On the hit series "Glee," Lea Michele plays Rachel Berry, a plucky high-school sophomore whose Broadway-caliber singing voice affords her little protection from the dismissive eyes of her cool-kid classmates. Not unlike a pimply-faced Dungeons & Dragons master, Rachel's prestige within McKinley High's glee club works in inverse proportion to her popularity at school.
Thursday night at the Gibson Amphitheatre, where the cast of the music-heavy "Glee" performed the first of four live concerts there, Michele needed guarding just like her fictional alter ego. But as the actress strolled through the audience belting out "Don't Rain on My Parade," it wasn't bullies and bimbos her security retinue was keeping at arm's length; rather, it was frenzied "Glee" fans desperate for a close-up glimpse of this rising star.
In case the wall-to-wall media coverage hadn't already alerted you, television's ugly ducklings have become real-world swans, and Thursday's 70-minute performance had the triumphant, sometimes self-satisfied feel of a victory lap.
Much of "Glee's" success stems from the painfully precise way it captures an outsider's sensibility; at their most inventive, the show's musical numbers both embody and contravene its characters' anxieties and aspirations. At the Gibson, though, in front of a wildly enthusiastic crowd of supporters, the cast seemed less interested in psychological complexity than in old-fashioned showbiz razzmatazz.
And, hey, why not? Mercifully proceeding free of a tortured "Mamma Mia!"-style narrative, "Glee Live! In Concert" presented a series of songs pulled from throughout the show's first season, which concludes June 8 on Fox. Interstitial video bits featuring Matthew Morrison and Jane Lynch, who play "Glee's" principal adult characters, provided some plot-line pointers for the uninitiated (if indeed there were any in attendance Thursday). But mostly this was a celebration of the music that provides the show's pulse.
As performed by the singers and a five-piece band (as well as what sounded like several prerecorded backing tracks), that music obeyed no genre rules, mixing 1980s arena rock ("Don't Stop Believin' " and "Any Way You Want It," both by Journey), show tunes ("Defying Gravity," from "Wicked"), recent Top 40 pop ( Kelly Clarkson's "My Life Would Suck Without You," Lady Gaga's "Bad Romance") and the odd bit of old-school vocal jazz ("The Lady Is a Tramp").
Nor did the routines hail from one performative sphere: During "Bust Your Windows," for example, a crew of bikini-topped cheerleaders reenacted familiar video-vixen moves as Amber Riley (who plays the show's Mercedes Jones) delivered Jazmine Sullivan's R&B revenge anthem.

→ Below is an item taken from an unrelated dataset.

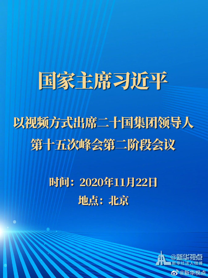 國家主席習近平11月22日晚在北京以視頻方式出席二十國集團領(lǐng)導人第十五次峰會第二階段會議。 ???
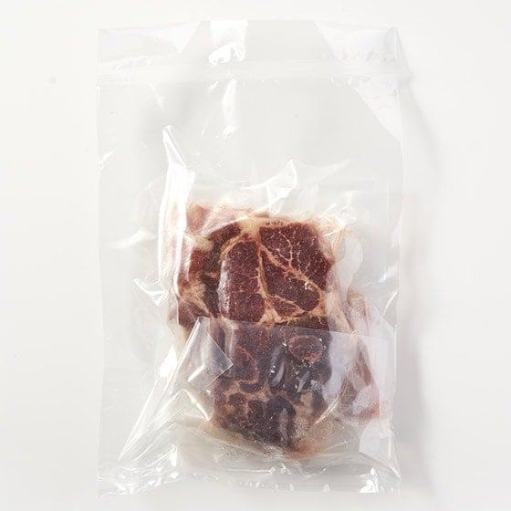 1.本品を半日程、冷蔵庫に移し解凍し、調理の約30分前に冷蔵庫から取り出し常温に戻します。 2.開封し余計なドリップをふき取ります。

Later, Kevin McHale did Billy Idol's "Dancing With Myself" while seated in the wheelchair that his character, Artie Abrams, occupies. Where the former appeared to take place in a realm beyond the stage, the latter made do with McHale's immediate surroundings.
Most impressively Thursday, Michele and Chris Colfer (who plays Kurt Hummel) blurred those two approaches in a gloriously gender-bending version of "Defying Gravity" from the musical Wicked. The staging was straightforward: two singers facing each other singing a duet. Yet as their voices mingled seamlessly, one virtually indistinguishable from the other, the performance revealed a message that got at the core of "Glee's" runaway appeal: Great songs offer a refuge for those moments when real life doesn't feel big enough; they enable us to be whoever we envision ourselves to be.
In the middle of a night defined by flash-pot visuals and fist-pumping choruses, these two young pros offered something unexpected: a reminder of life before stardom.